# Autotrail Chieftain



## lindjan (Mar 6, 2008)

My daughter and her husband travelled to East Yorks from Devon to part exchange their 5th Wheel and truck for an Autotrail Chieftain, the deal had been done over the phone last week and all the funds had to be cleared before collection. With great excitement they left yesterday to make sure they were in plenty of time for the handover this morning, I explained that the dealer would show them everything and make sure it worked.
When they arrived this morning they were told by Ian the salesman that another £1000 was needed to complete the deal, she was beside herself and so upset, the whole family had been looking forward to this new addition.
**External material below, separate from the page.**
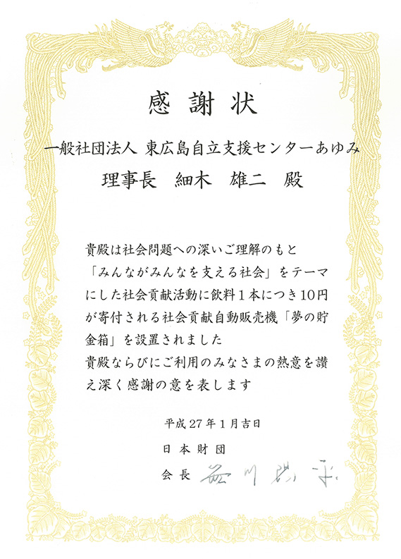 この度、サポートセンターあゆみに飲料1本につき10円が寄付される「夢の貯金箱」という社会貢献自動販売機を設置し、その感謝状をいただきましたのでご紹介します。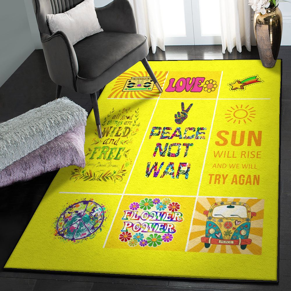 Hippie Art Non Shedding Area Rug, Hippie Flower Power GS CL Rug

As well as this there was no handover, the salesman Ian didn't know how anything worked and didn't ask anyone else !
I can only say buyer beware about this company , I have heard before that there are unscrupulous dealers out there but I have had the pleasure of dealing with Camper UK and expected them all to be like them, SO WRONG.
I am sure that you will all say why not come away, but the Chieftain was just what they wanted and is beautiful, there is still 5 months to go on the Autotrail warranty so hopefully if there is anything major wrong they will sort it. However it leaves a nasty taste in your mouth. It has not even been serviced ! I would like to name them on here, if thats allowed please let me know.
Lindjan


----------



## rayc (Jun 3, 2008)

Why was the extra £1000 requested? On inspection of your units did they lower the trade in value?


----------



## sideways (Jun 2, 2008)

Thats the oldest trick in the book.Many people have been caught like that.


----------



## lindjan (Mar 6, 2008)

Yes, they said there was a mark on the bumper of the truck, the Globestormer is immaculate with full dealer service history, I wanted them to try and sell it privately but they were hoping to deal with reputable people !
Lindjan


----------



## rayc (Jun 3, 2008)

lindjan said:


> Yes, they said there was a mark on the bumper of the truck, the Globestormer is immaculate with full dealer service history, I wanted them to try and sell it privately but they were hoping to deal with reputable people !
> Lindjan


I am sure that in the terms and conditions there would have been a clause along the lines off " the trade in price will be adjusted in the event that the age, condition or other material fact is different from that claimed and will be subject to inspection."

It is always a risk when the trade in price has been set without the dealer seeing it and agreeing a firm price. There are disreputable dealers, who it is claimed, try to make a sweetener on every sale in this way. They have you over a barrel as you are likely to loose your deposit if you walk away.


----------